Friday, December 19, 2008

Christmas Present

It's been a rough few weeks. Usually Stranger and I don't have bad days on the same day, but lately we both seem to be having them on the same day. It is hard to cheer your partner up when you feel the same way! A lot of our friends and people that we know are pregnant. Every time I find this out, I feel a little panicky inside. As if God has decided that only X number of people will conceive a child this year, and everytime that someone else does, it lowers our odds. Wednesday was our monthly grief support meeting. Before it started, our counselor was telling me about several members of our group that are currently expecting. Clearly she didn't know what a rough time we've been having. As we were leaving that night, I said to Stranger "Why would she tell me those things?" And Stranger's supportive reply "Well, you seem like a nice person.
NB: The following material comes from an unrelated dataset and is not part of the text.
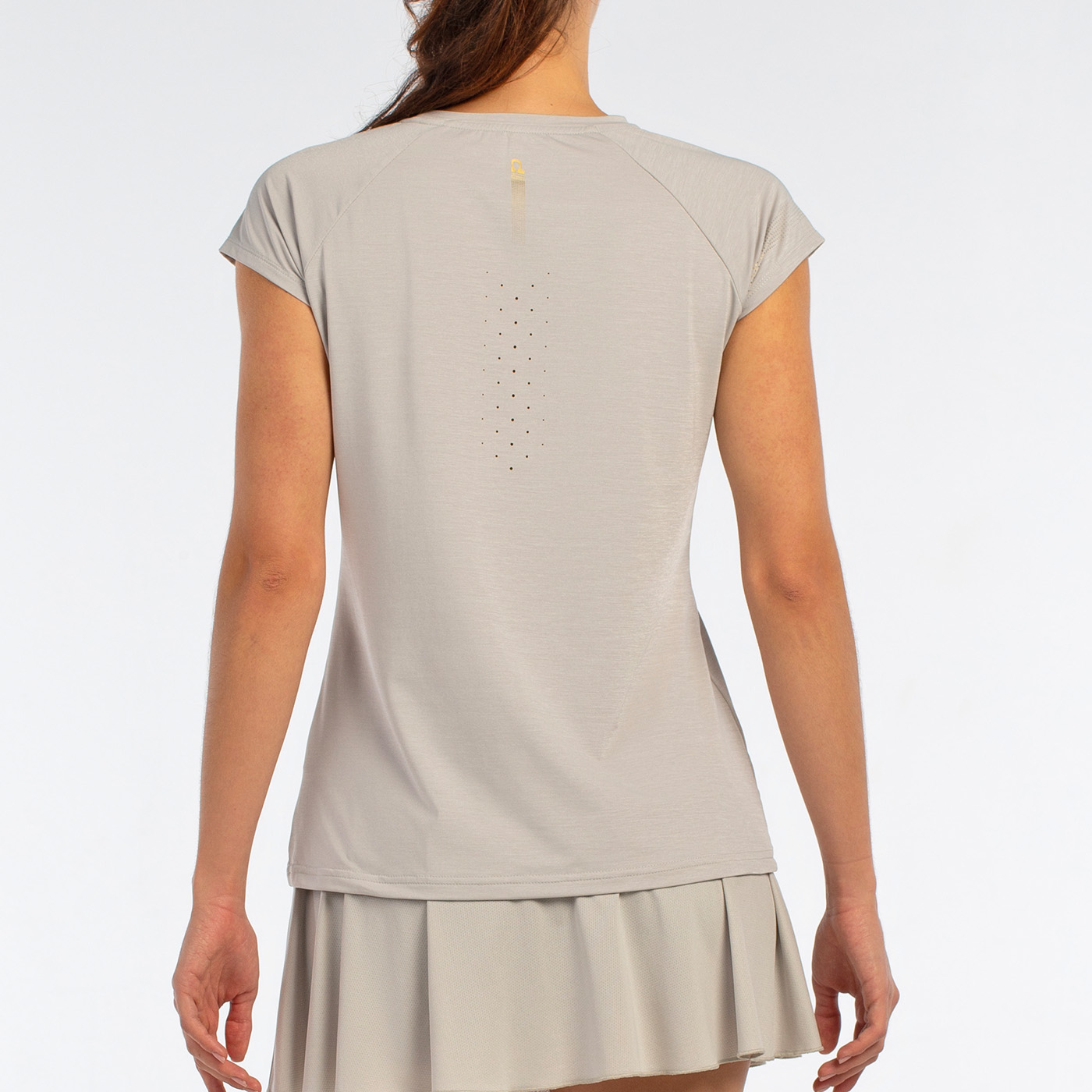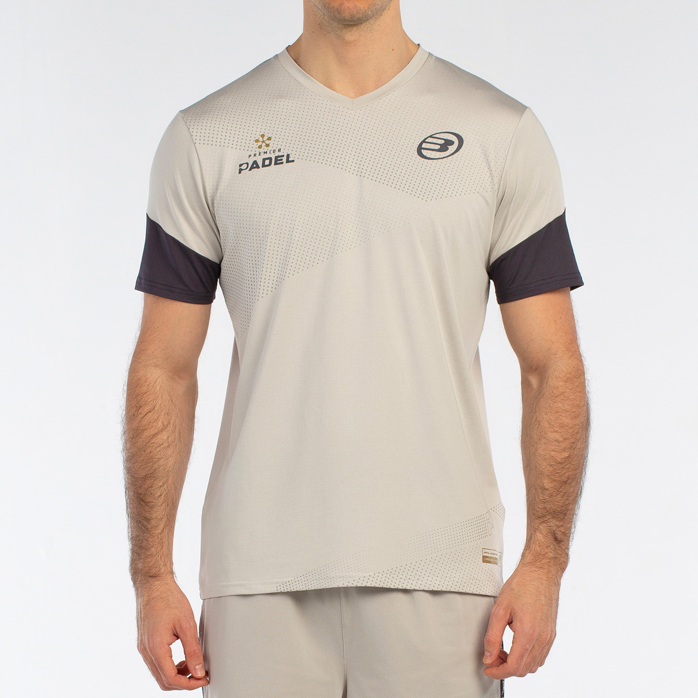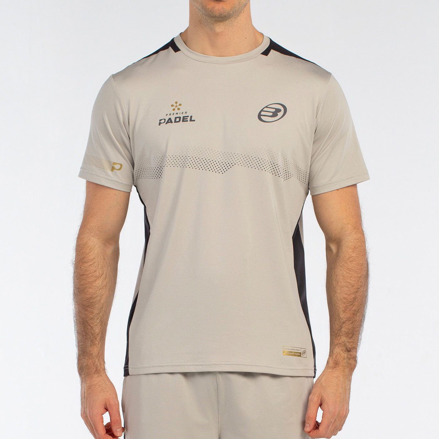 Diseño elegante de manga corta, cuello a la caja y costuras termoselladas rematadas con cintas ultrasónicas en los costados. Efectos de bandas a través de contrastes de tejido y color. Decorada con los gráficos de Premier Padel.

I know you so I know better, but she must think that you are nice." Awesome! Thanks Love!

Back to Christmas Present. Our December meeting is always a memorial for the babies that we've lost. There are always a few readings and then we light candles and say a prayer for our babies. This year, the readings were about Christmas Past, Christmas Present, and Christmas Future. Stranger's reading - Christmas Present - was very appropriate.


Christmas Present

We are all on the journey through pain. We progress, we fall back, but we choose to continue. Each journey is unique. We share experiences and pain, but no one can predict the length of another's journey.

Yet the themes of our journeys are similar: We have loved, we continue to love, and through the depth of our love we grow and are transformed. We can see growth: Our feelings are intensified, our goals more meaningful, our relationships more valuable, our time more precious.

An integral path on our journey is the sharing of our sadness. Our loss enables us to enter into another's sadness as we never could previously. Matthew Fox has said, "We begin to realize the truth of compassion: to relieve another person's pain or to celebrate another's joy is to relieve one's own pain and to celebrate one's own joy."

We have truly journeyed well if we can enter into another's pain and support him or her. And if we can also enter into another's joy.

Some of us are too newly bereaved to believe we'll ever feel joy again. But humankind survives through hope and faith: we must believe that we will celebrate joy again. Indeed it is the belief that joy will be ours that sustains us on our journey of growth and peace.